## THE PROBLEM
Could you please output all of the data exactly, without the images?

=== Begin Enclosure ===

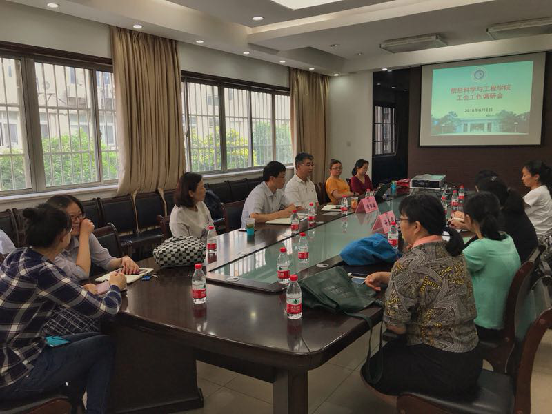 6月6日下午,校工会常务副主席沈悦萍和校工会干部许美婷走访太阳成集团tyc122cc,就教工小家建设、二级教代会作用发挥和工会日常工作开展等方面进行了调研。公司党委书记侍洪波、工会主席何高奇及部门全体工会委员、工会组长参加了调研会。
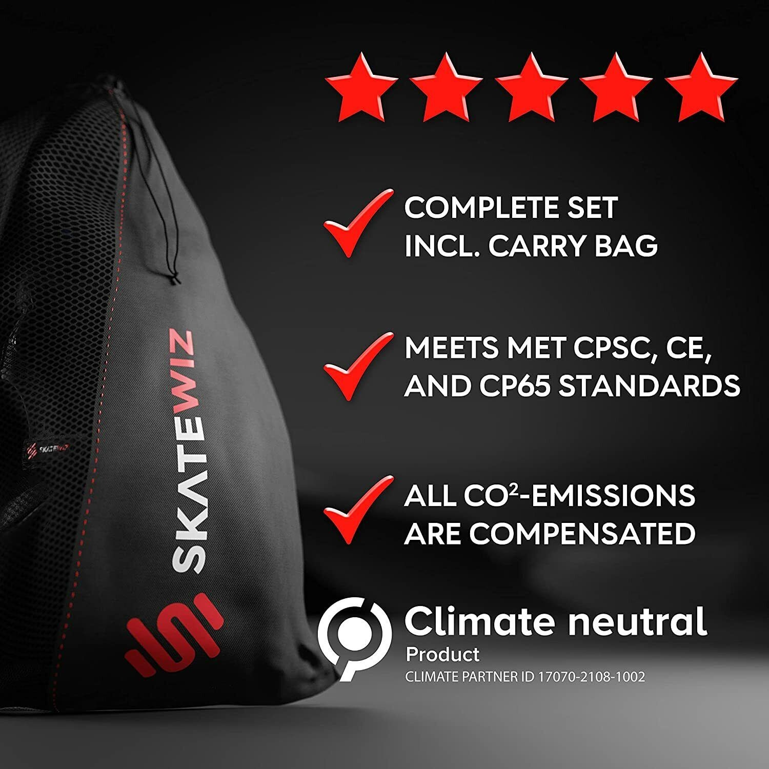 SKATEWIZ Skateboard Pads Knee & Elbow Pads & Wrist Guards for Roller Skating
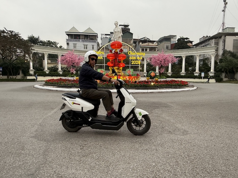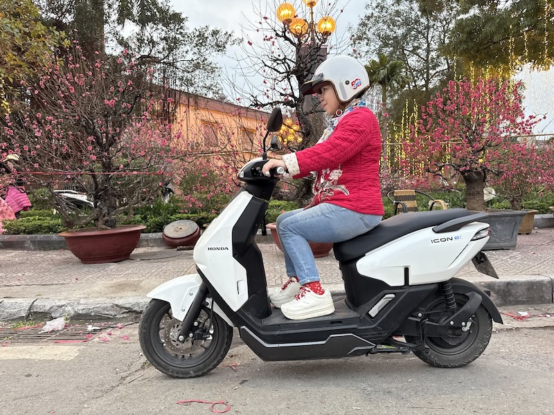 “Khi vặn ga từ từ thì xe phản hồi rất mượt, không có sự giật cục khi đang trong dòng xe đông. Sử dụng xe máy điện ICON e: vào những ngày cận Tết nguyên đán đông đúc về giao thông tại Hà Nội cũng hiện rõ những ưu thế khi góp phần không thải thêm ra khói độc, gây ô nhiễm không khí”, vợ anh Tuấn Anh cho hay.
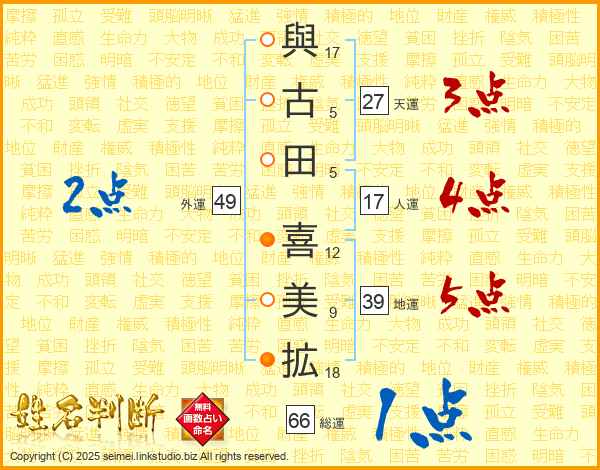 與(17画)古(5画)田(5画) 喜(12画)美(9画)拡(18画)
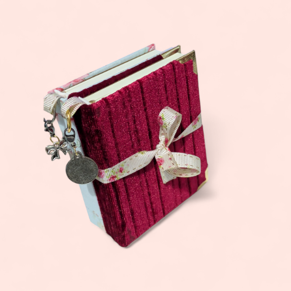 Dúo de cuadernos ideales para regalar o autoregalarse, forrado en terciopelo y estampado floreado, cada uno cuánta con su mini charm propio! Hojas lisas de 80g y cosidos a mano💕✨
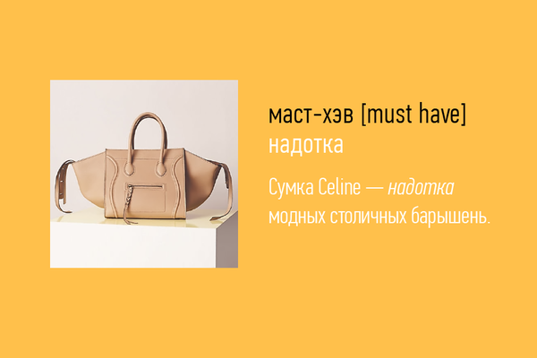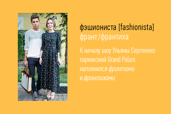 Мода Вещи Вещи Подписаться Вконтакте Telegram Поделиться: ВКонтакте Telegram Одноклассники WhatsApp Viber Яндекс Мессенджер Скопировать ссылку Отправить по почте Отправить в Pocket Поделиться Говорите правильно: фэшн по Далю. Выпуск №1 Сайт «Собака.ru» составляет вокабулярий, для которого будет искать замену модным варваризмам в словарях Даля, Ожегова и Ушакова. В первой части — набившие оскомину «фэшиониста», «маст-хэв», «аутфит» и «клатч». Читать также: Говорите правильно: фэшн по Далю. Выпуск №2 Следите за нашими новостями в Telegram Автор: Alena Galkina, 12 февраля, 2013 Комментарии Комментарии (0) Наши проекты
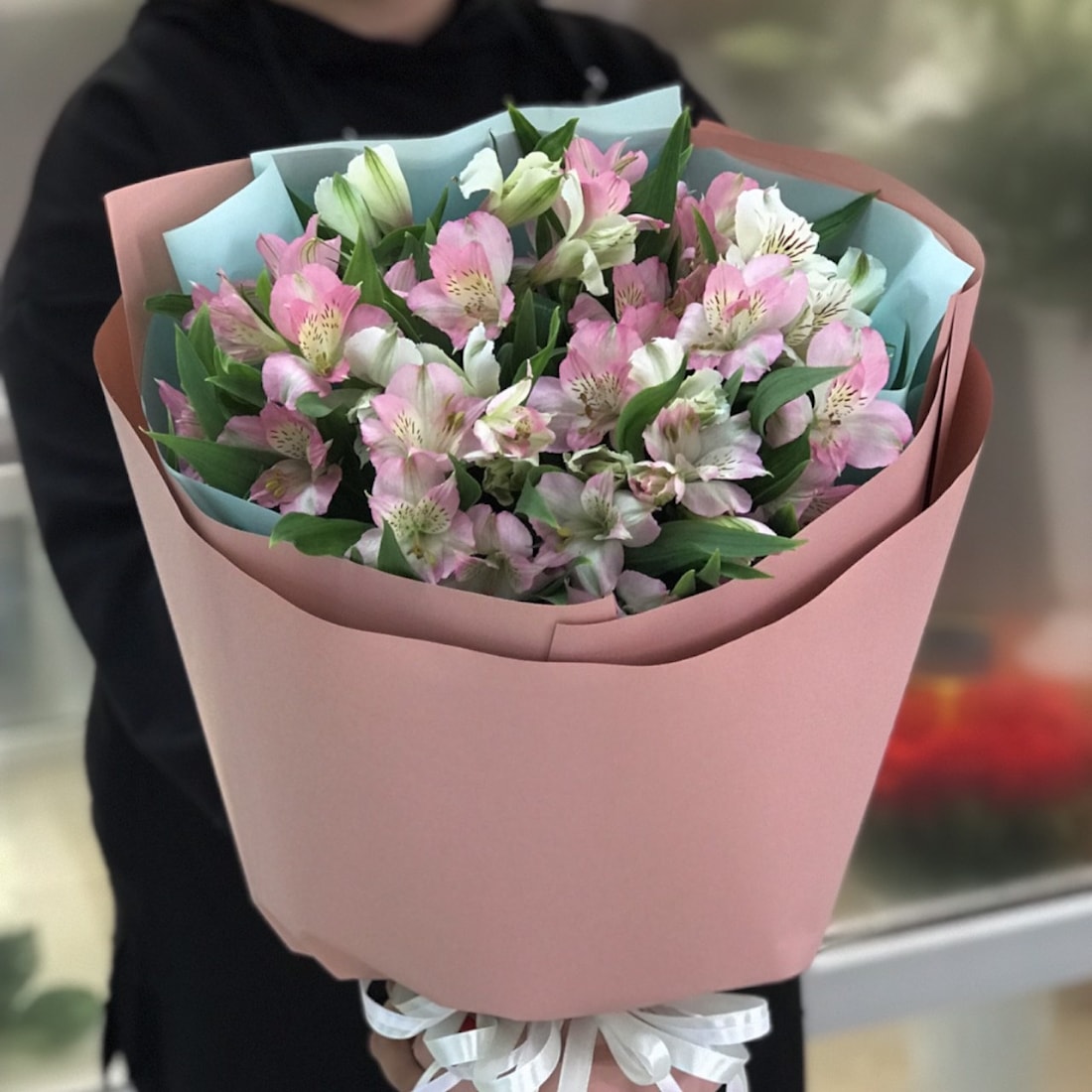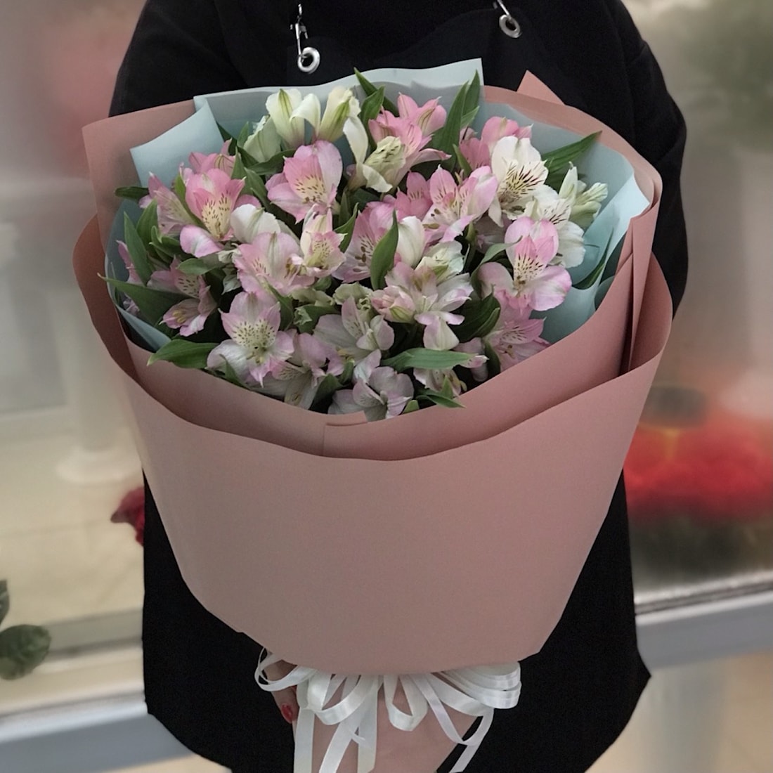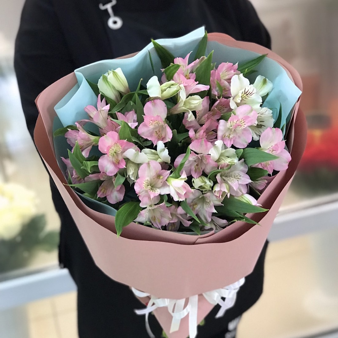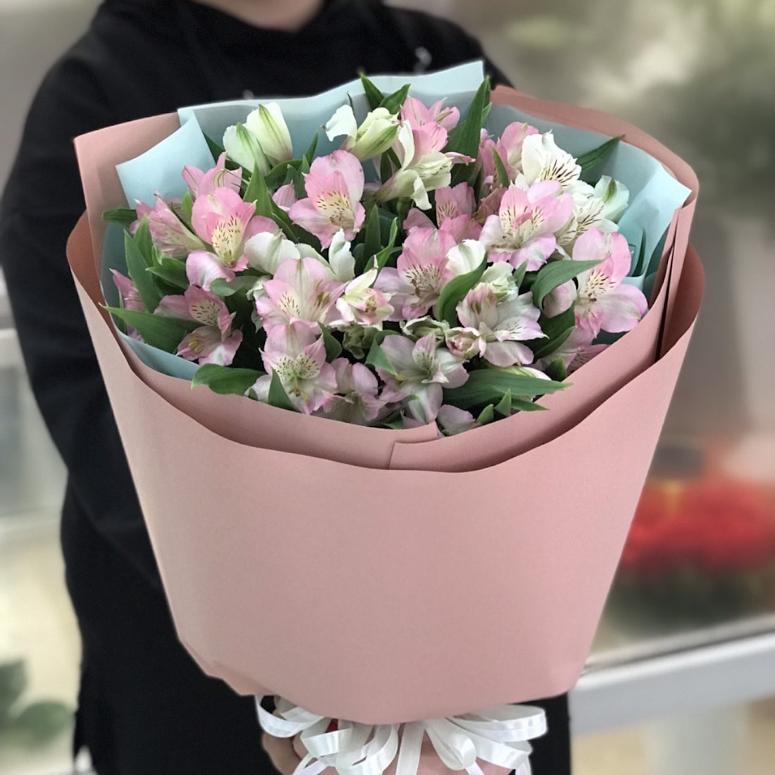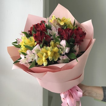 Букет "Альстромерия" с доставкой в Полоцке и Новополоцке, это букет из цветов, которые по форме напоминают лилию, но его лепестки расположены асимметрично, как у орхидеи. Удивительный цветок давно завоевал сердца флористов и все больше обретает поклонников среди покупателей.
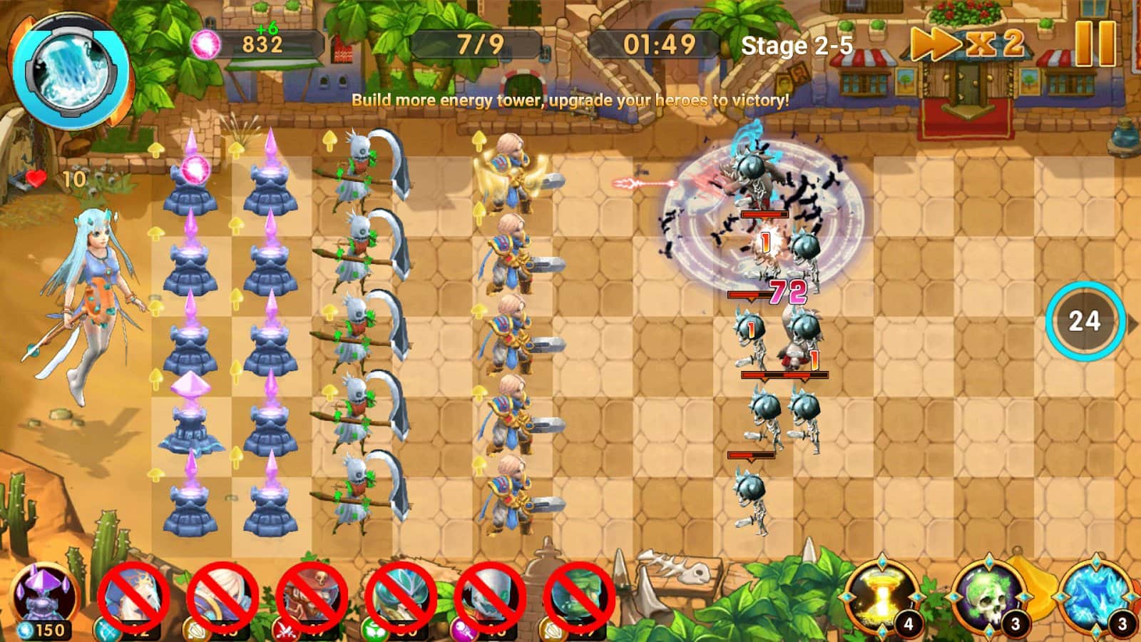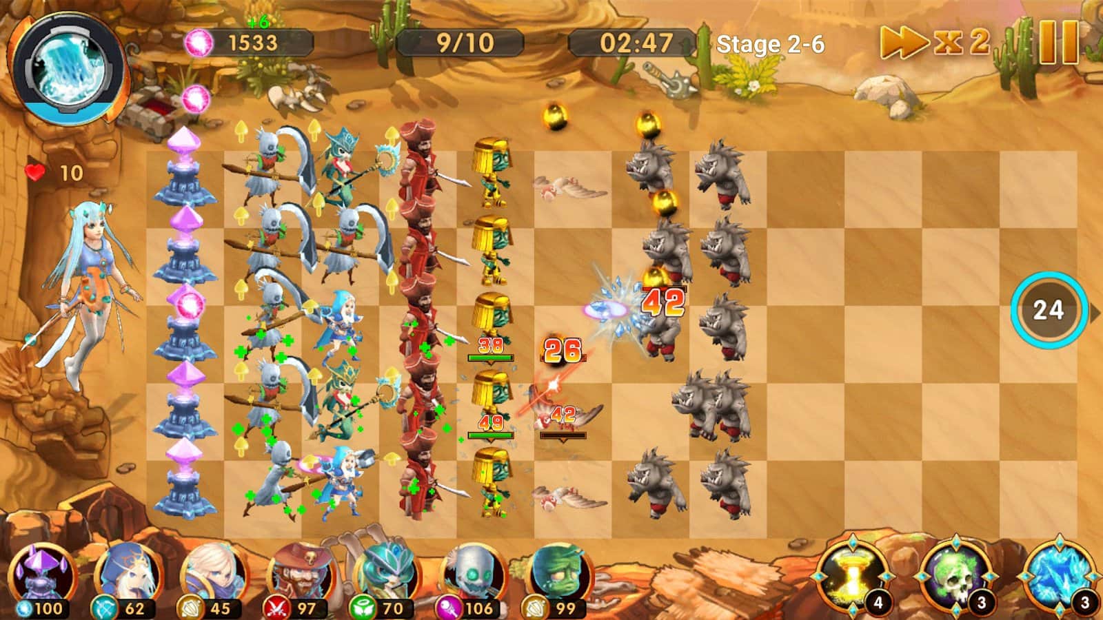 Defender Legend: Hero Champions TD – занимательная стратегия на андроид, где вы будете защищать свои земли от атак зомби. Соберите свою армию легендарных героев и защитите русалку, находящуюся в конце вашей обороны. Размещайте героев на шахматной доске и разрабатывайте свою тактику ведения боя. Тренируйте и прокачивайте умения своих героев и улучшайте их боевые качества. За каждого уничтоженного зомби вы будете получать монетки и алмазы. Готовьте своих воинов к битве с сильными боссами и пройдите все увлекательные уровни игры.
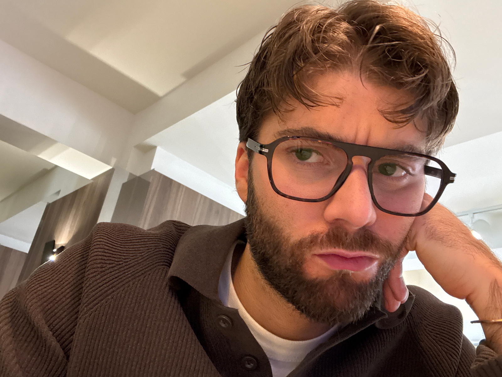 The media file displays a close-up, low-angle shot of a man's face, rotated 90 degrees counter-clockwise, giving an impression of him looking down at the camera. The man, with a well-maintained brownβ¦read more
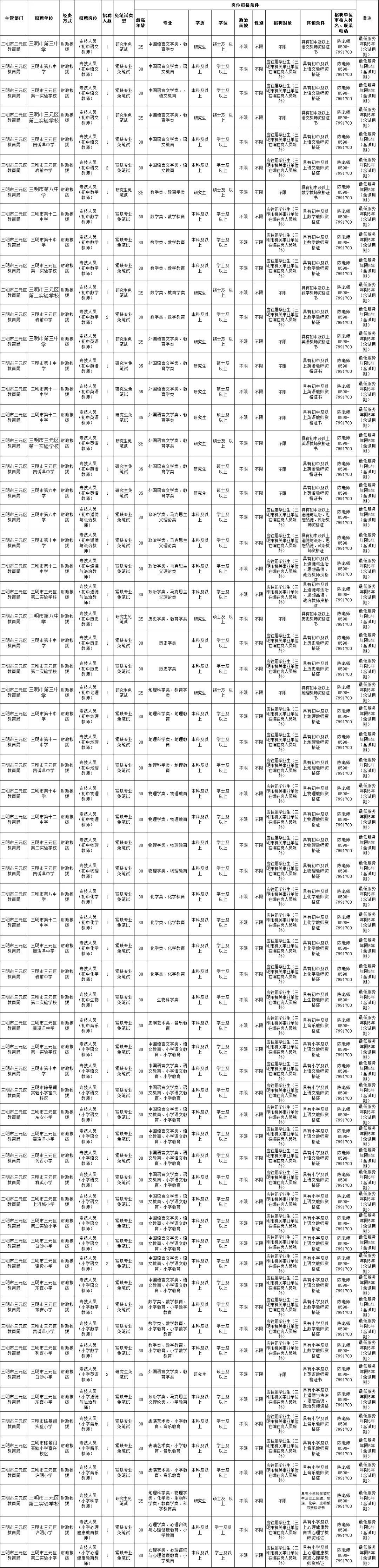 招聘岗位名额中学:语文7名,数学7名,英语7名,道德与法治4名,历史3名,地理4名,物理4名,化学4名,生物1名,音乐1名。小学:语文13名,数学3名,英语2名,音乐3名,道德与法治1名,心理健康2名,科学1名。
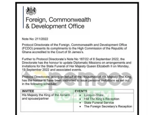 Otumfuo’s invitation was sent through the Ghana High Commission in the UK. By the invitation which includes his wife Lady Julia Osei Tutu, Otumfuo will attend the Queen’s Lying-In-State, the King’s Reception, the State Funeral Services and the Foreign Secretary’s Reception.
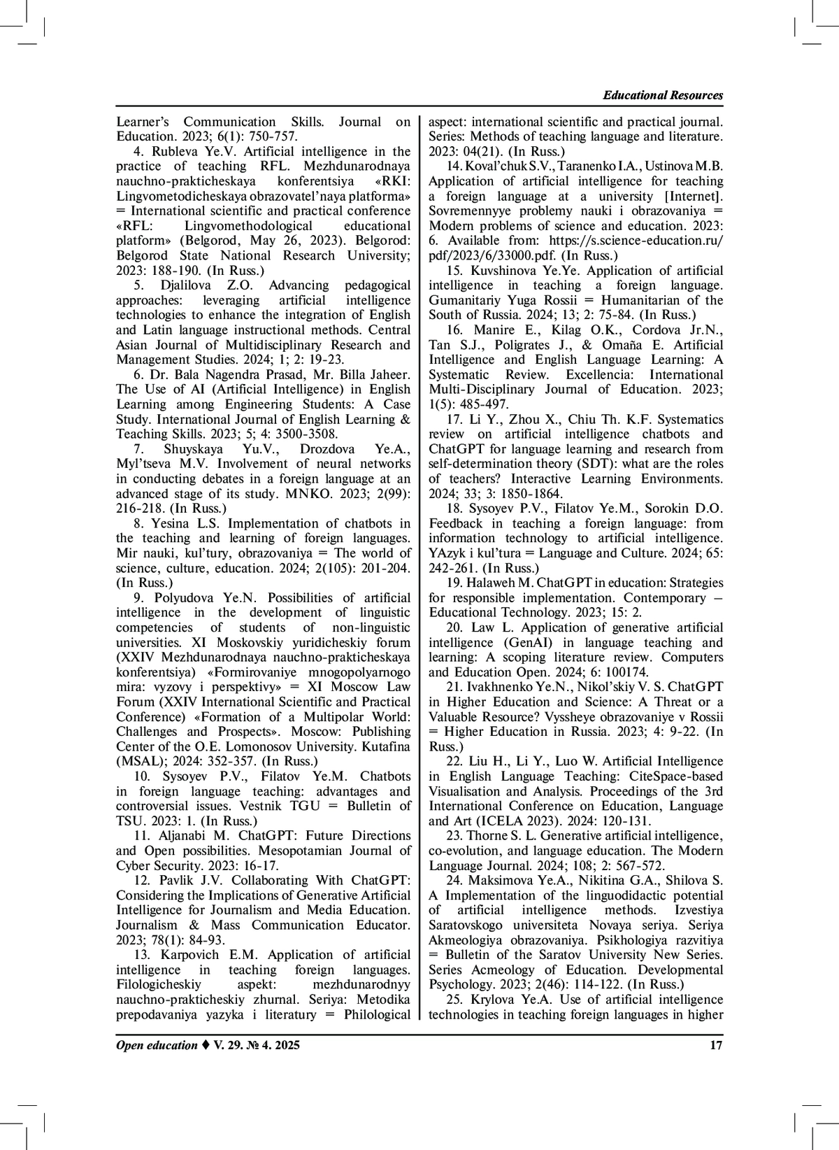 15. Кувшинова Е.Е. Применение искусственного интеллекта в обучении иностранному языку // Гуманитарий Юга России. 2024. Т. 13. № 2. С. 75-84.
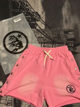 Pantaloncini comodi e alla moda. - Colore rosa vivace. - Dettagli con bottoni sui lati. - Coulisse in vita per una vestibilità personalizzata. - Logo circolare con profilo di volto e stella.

=== End Enclosure ===

## EXERCISE ANSWER
 6月6日下午,校工会常务副主席沈悦萍和校工会干部许美婷走访太阳成集团tyc122cc,就教工小家建设、二级教代会作用发挥和工会日常工作开展等方面进行了调研。公司党委书记侍洪波、工会主席何高奇及部门全体工会委员、工会组长参加了调研会。
 SKATEWIZ Skateboard Pads Knee & Elbow Pads & Wrist Guards for Roller Skating
 “Khi vặn ga từ từ thì xe phản hồi rất mượt, không có sự giật cục khi đang trong dòng xe đông. Sử dụng xe máy điện ICON e: vào những ngày cận Tết nguyên đán đông đúc về giao thông tại Hà Nội cũng hiện rõ những ưu thế khi góp phần không thải thêm ra khói độc, gây ô nhiễm không khí”, vợ anh Tuấn Anh cho hay.
 與(17画)古(5画)田(5画) 喜(12画)美(9画)拡(18画)
 Dúo de cuadernos ideales para regalar o autoregalarse, forrado en terciopelo y estampado floreado, cada uno cuánta con su mini charm propio! Hojas lisas de 80g y cosidos a mano💕✨
 Мода Вещи Вещи Подписаться Вконтакте Telegram Поделиться: ВКонтакте Telegram Одноклассники WhatsApp Viber Яндекс Мессенджер Скопировать ссылку Отправить по почте Отправить в Pocket Поделиться Говорите правильно: фэшн по Далю. Выпуск №1 Сайт «Собака.ru» составляет вокабулярий, для которого будет искать замену модным варваризмам в словарях Даля, Ожегова и Ушакова. В первой части — набившие оскомину «фэшиониста», «маст-хэв», «аутфит» и «клатч». Читать также: Говорите правильно: фэшн по Далю. Выпуск №2 Следите за нашими новостями в Telegram Автор: Alena Galkina, 12 февраля, 2013 Комментарии Комментарии (0) Наши проекты
 Букет "Альстромерия" с доставкой в Полоцке и Новополоцке, это букет из цветов, которые по форме напоминают лилию, но его лепестки расположены асимметрично, как у орхидеи. Удивительный цветок давно завоевал сердца флористов и все больше обретает поклонников среди покупателей.
 Defender Legend: Hero Champions TD – занимательная стратегия на андроид, где вы будете защищать свои земли от атак зомби. Соберите свою армию легендарных героев и защитите русалку, находящуюся в конце вашей обороны. Размещайте героев на шахматной доске и разрабатывайте свою тактику ведения боя. Тренируйте и прокачивайте умения своих героев и улучшайте их боевые качества. За каждого уничтоженного зомби вы будете получать монетки и алмазы. Готовьте своих воинов к битве с сильными боссами и пройдите все увлекательные уровни игры.
 The media file displays a close-up, low-angle shot of a man's face, rotated 90 degrees counter-clockwise, giving an impression of him looking down at the camera. The man, with a well-maintained brownβ¦read more
 招聘岗位名额中学:语文7名,数学7名,英语7名,道德与法治4名,历史3名,地理4名,物理4名,化学4名,生物1名,音乐1名。小学:语文13名,数学3名,英语2名,音乐3名,道德与法治1名,心理健康2名,科学1名。
 Otumfuo’s invitation was sent through the Ghana High Commission in the UK. By the invitation which includes his wife Lady Julia Osei Tutu, Otumfuo will attend the Queen’s Lying-In-State, the King’s Reception, the State Funeral Services and the Foreign Secretary’s Reception.
 15. Кувшинова Е.Е. Применение искусственного интеллекта в обучении иностранному языку // Гуманитарий Юга России. 2024. Т. 13. № 2. С. 75-84.
 Pantaloncini comodi e alla moda. - Colore rosa vivace. - Dettagli con bottoni sui lati. - Coulisse in vita per una vestibilità personalizzata. - Logo circolare con profilo di volto e stella.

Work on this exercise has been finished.